▶ [Exercise aim]
Go to the line with "GreenWorks provided services" in the entries below and write out every line from there through the line with "Athiya Shetty captioned", exactly and without pictures.

== Input material ==

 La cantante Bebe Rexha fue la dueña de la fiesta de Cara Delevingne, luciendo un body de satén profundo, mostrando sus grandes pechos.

===
== Input material ==

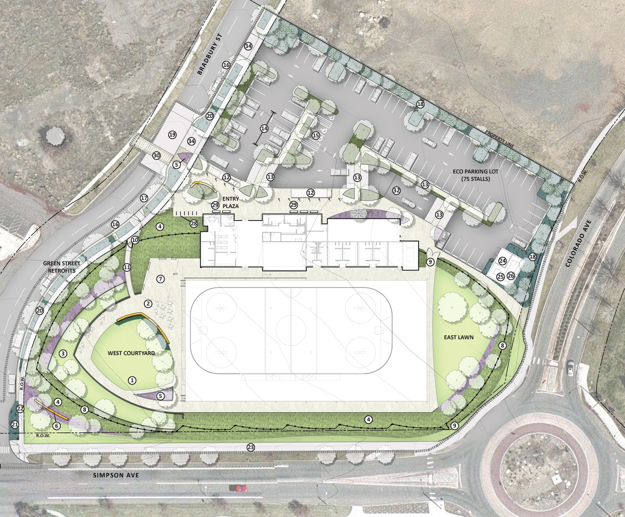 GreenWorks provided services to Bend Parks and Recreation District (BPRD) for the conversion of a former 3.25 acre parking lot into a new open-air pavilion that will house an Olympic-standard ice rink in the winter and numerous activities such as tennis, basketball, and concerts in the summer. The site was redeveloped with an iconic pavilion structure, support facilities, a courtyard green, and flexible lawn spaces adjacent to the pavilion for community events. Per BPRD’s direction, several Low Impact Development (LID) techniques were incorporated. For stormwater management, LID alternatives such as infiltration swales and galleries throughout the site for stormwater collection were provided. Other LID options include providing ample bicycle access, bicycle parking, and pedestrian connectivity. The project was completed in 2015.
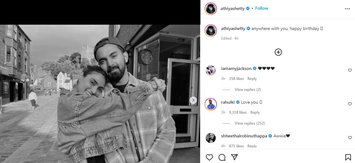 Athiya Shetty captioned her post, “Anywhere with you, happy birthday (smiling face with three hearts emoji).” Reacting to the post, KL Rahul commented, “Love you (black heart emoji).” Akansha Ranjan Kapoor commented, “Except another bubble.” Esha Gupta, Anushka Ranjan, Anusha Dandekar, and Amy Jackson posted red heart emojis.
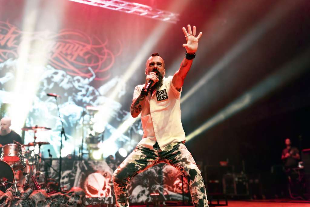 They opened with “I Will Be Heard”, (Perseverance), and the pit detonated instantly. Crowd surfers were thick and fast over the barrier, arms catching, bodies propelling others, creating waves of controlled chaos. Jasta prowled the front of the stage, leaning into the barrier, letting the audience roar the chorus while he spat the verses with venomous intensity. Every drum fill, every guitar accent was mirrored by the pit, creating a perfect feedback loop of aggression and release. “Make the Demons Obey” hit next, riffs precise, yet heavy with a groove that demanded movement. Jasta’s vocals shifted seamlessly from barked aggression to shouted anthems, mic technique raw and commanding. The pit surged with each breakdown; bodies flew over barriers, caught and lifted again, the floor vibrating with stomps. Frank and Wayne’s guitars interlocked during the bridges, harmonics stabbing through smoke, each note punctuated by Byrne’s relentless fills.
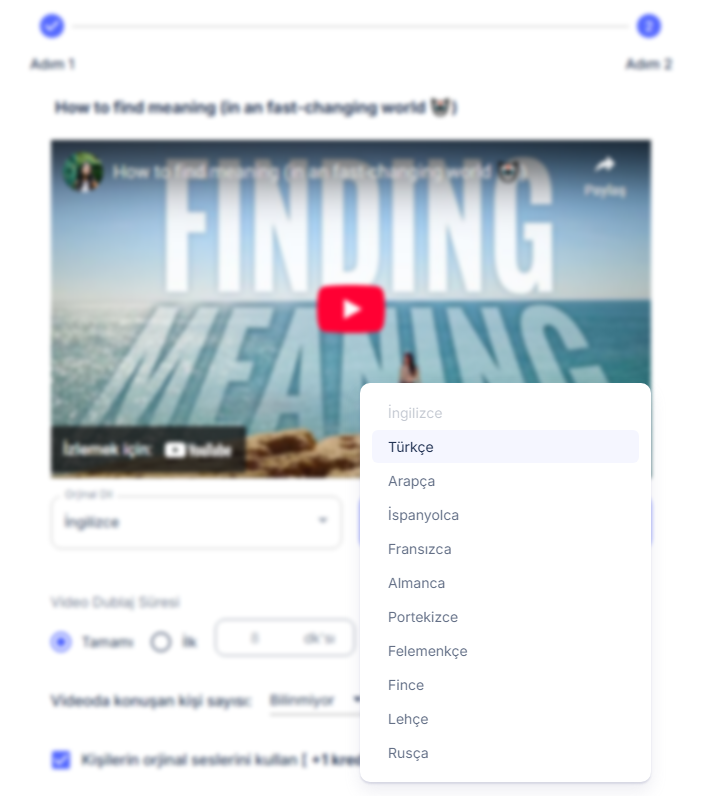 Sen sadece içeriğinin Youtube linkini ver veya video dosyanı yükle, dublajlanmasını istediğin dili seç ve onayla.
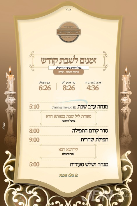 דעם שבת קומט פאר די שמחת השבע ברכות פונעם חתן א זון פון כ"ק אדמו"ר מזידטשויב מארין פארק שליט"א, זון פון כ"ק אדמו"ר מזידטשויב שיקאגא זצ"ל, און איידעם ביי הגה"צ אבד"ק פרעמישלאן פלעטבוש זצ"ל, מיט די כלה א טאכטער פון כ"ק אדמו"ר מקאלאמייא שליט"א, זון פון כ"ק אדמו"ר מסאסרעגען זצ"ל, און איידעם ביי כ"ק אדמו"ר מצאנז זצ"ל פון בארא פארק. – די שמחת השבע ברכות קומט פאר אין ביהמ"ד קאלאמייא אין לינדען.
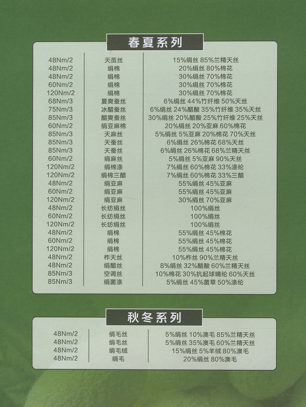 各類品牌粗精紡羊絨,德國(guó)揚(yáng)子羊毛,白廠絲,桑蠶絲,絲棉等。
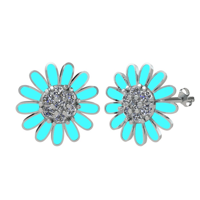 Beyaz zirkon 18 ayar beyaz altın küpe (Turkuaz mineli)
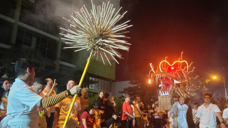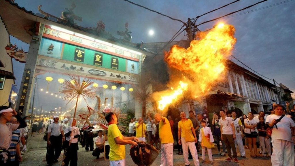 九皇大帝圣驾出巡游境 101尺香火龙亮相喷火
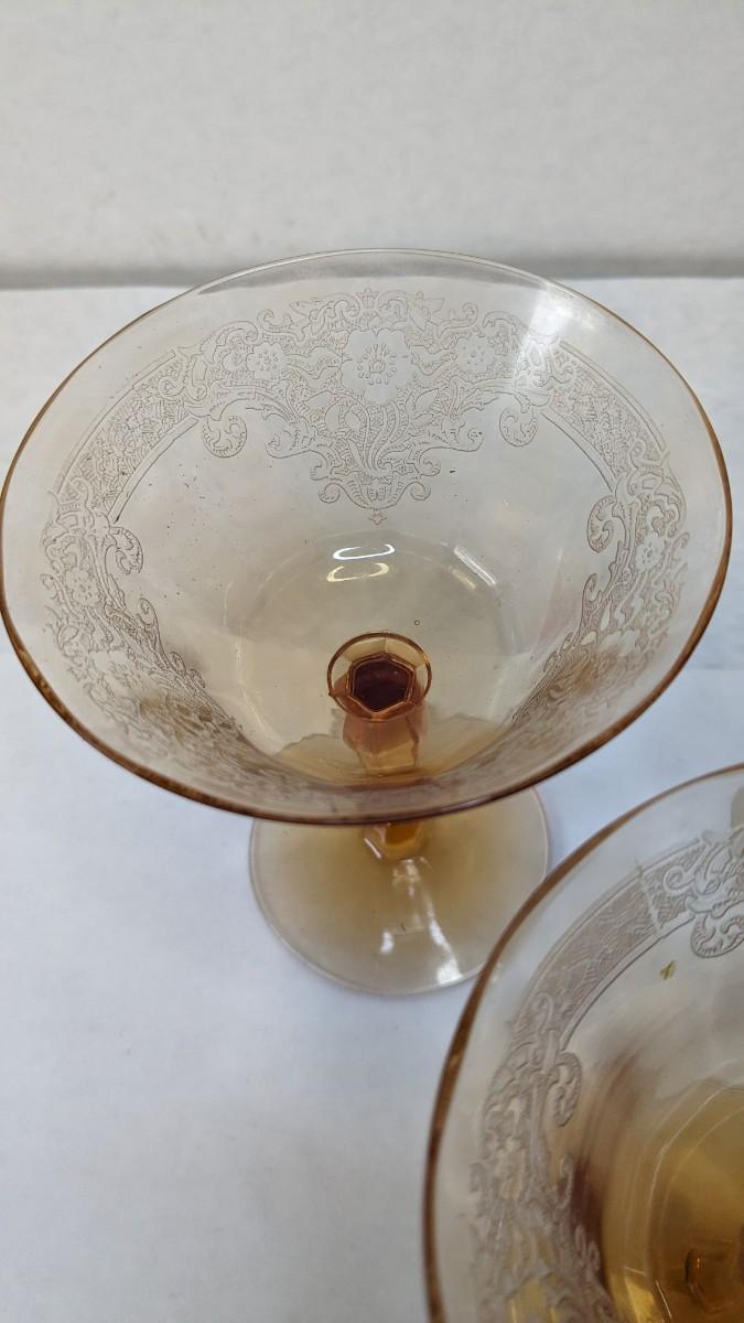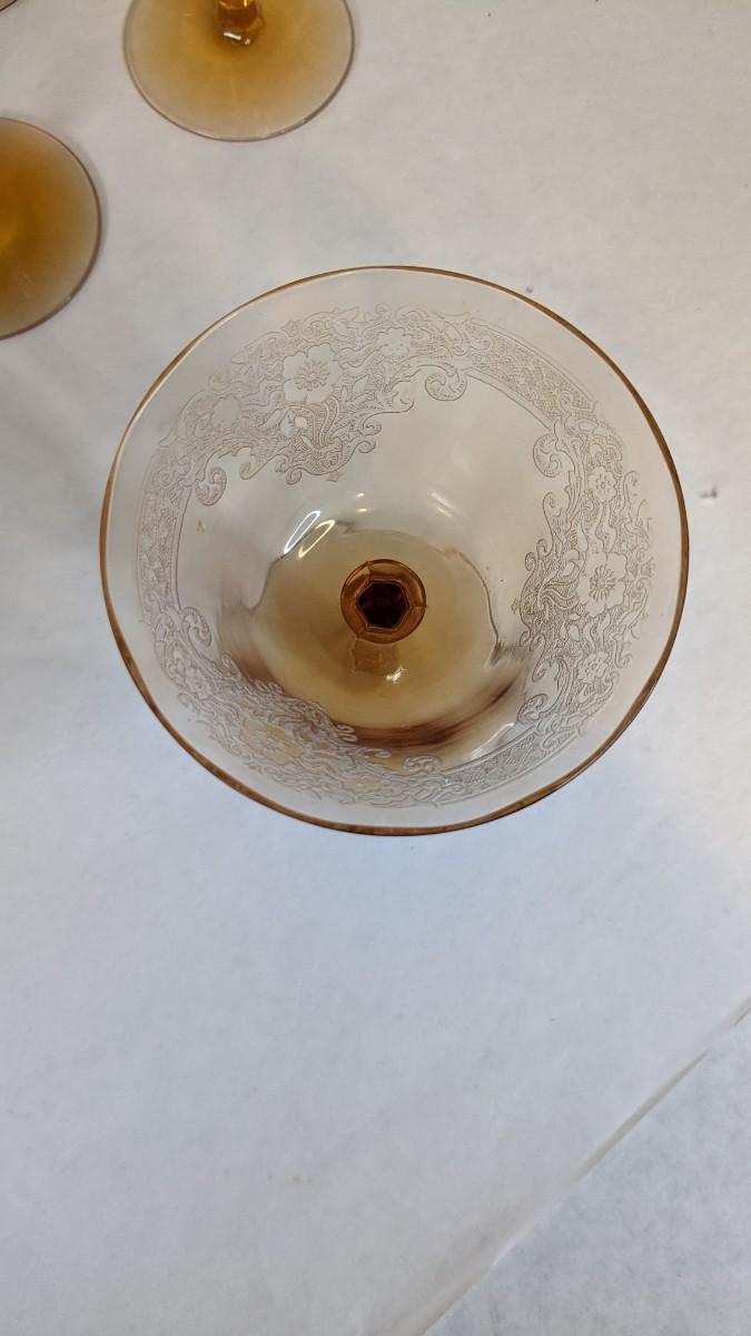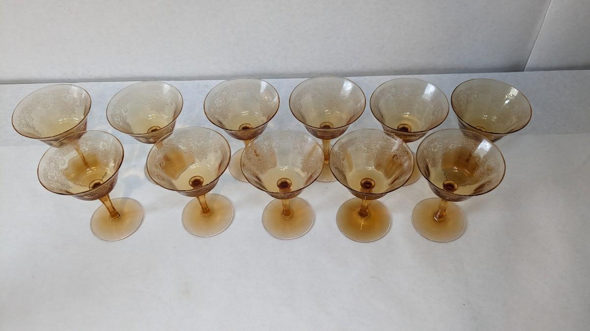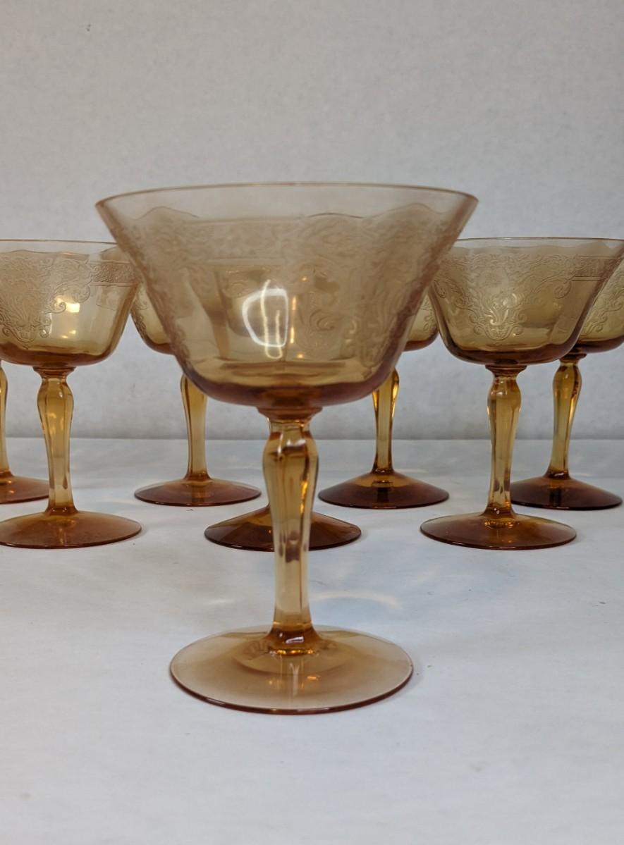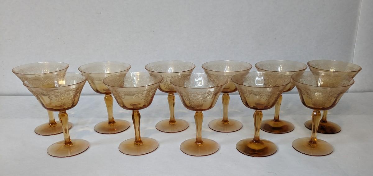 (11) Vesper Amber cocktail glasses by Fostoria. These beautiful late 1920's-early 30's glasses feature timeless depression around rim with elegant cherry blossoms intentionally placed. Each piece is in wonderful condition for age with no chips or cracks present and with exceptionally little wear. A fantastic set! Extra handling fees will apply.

===

▶ [The answer]
 GreenWorks provided services to Bend Parks and Recreation District (BPRD) for the conversion of a former 3.25 acre parking lot into a new open-air pavilion that will house an Olympic-standard ice rink in the winter and numerous activities such as tennis, basketball, and concerts in the summer. The site was redeveloped with an iconic pavilion structure, support facilities, a courtyard green, and flexible lawn spaces adjacent to the pavilion for community events. Per BPRD’s direction, several Low Impact Development (LID) techniques were incorporated. For stormwater management, LID alternatives such as infiltration swales and galleries throughout the site for stormwater collection were provided. Other LID options include providing ample bicycle access, bicycle parking, and pedestrian connectivity. The project was completed in 2015.
 Athiya Shetty captioned her post, “Anywhere with you, happy birthday (smiling face with three hearts emoji).” Reacting to the post, KL Rahul commented, “Love you (black heart emoji).” Akansha Ranjan Kapoor commented, “Except another bubble.” Esha Gupta, Anushka Ranjan, Anusha Dandekar, and Amy Jackson posted red heart emojis.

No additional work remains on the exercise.